• Exercise directions:
Below is a listing. Return the lines from the one that contains "오미크론 변이주에 3~5배" to the one that contains "Needle Nose Plier, Jaw", both ends included, verbatim and with no pictures.

• Working data:
/---

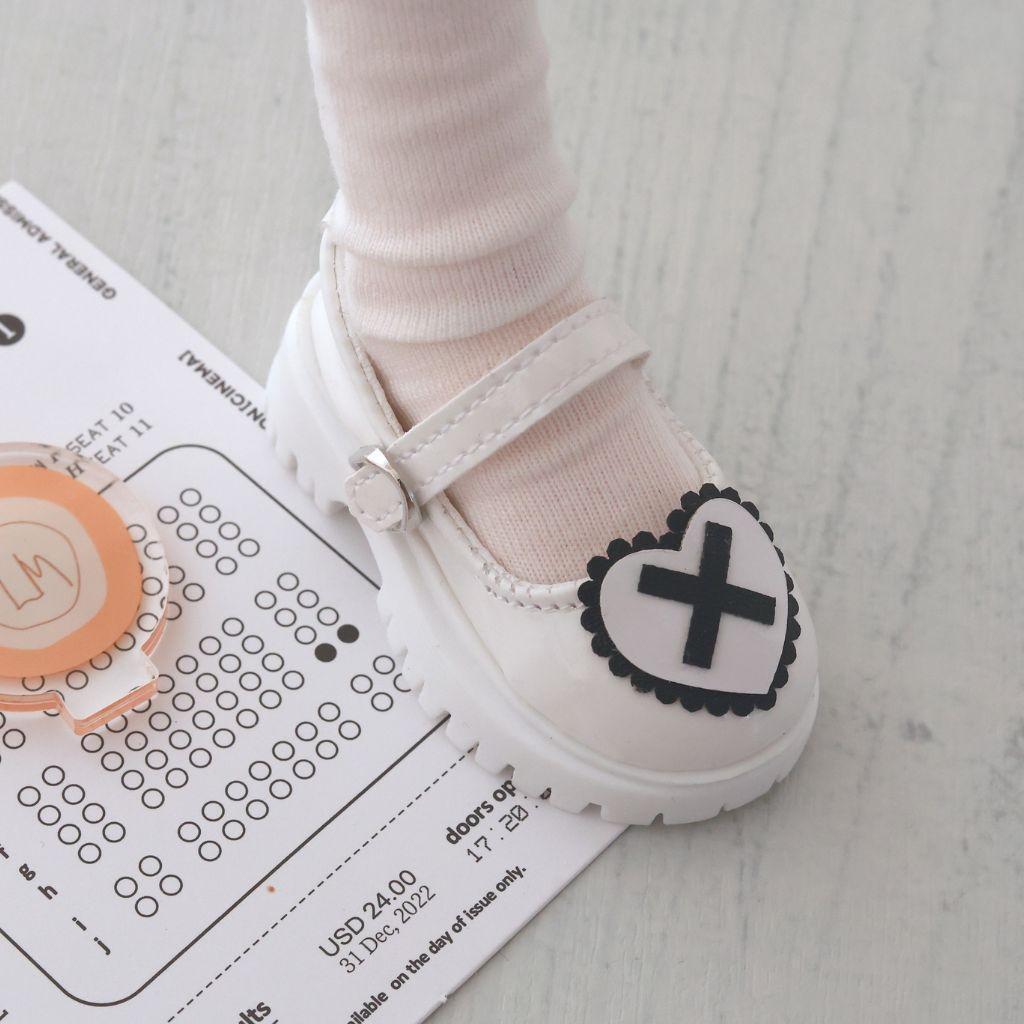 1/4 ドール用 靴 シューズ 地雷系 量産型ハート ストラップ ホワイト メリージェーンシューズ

\---
/---

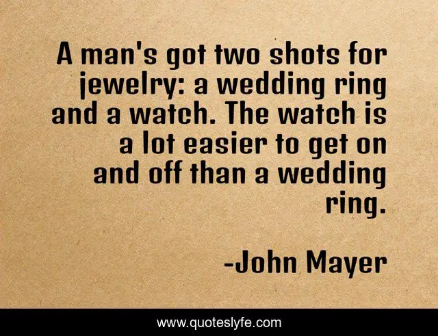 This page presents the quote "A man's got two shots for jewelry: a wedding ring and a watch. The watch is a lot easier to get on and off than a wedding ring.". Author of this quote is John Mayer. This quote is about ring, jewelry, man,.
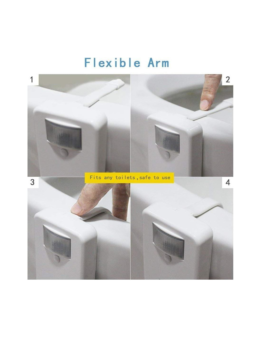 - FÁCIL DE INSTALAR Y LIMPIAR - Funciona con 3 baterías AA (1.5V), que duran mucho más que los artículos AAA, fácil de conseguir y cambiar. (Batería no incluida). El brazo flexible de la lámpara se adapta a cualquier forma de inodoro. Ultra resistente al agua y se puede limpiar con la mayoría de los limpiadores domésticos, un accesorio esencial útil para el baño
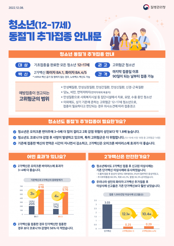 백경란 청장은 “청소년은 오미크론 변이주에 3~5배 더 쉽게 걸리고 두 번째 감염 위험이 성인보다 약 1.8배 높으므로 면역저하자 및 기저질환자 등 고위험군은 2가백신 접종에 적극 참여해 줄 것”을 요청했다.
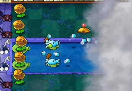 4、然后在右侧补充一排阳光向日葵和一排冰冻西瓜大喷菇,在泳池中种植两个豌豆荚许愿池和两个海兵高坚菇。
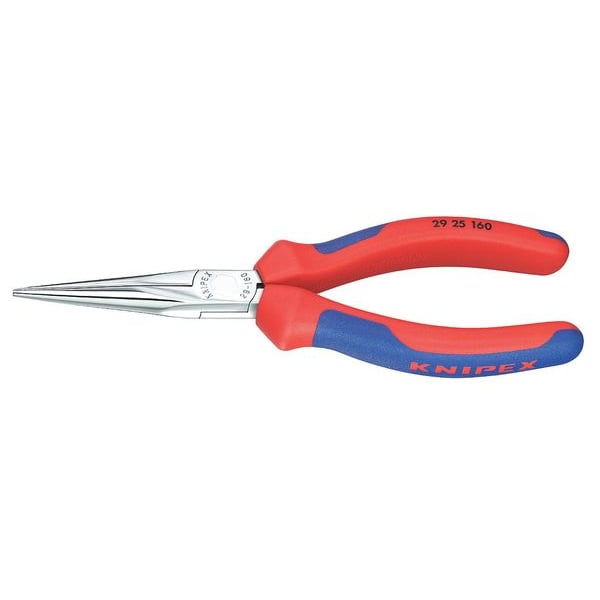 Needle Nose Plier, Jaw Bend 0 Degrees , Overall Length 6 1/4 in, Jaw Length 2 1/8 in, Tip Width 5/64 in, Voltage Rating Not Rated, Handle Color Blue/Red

\---
/---

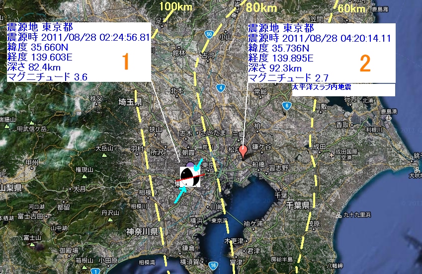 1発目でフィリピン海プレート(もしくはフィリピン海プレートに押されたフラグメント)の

\---

• Answer to the exercise:
 백경란 청장은 “청소년은 오미크론 변이주에 3~5배 더 쉽게 걸리고 두 번째 감염 위험이 성인보다 약 1.8배 높으므로 면역저하자 및 기저질환자 등 고위험군은 2가백신 접종에 적극 참여해 줄 것”을 요청했다.
 4、然后在右侧补充一排阳光向日葵和一排冰冻西瓜大喷菇,在泳池中种植两个豌豆荚许愿池和两个海兵高坚菇。
 Needle Nose Plier, Jaw Bend 0 Degrees , Overall Length 6 1/4 in, Jaw Length 2 1/8 in, Tip Width 5/64 in, Voltage Rating Not Rated, Handle Color Blue/Red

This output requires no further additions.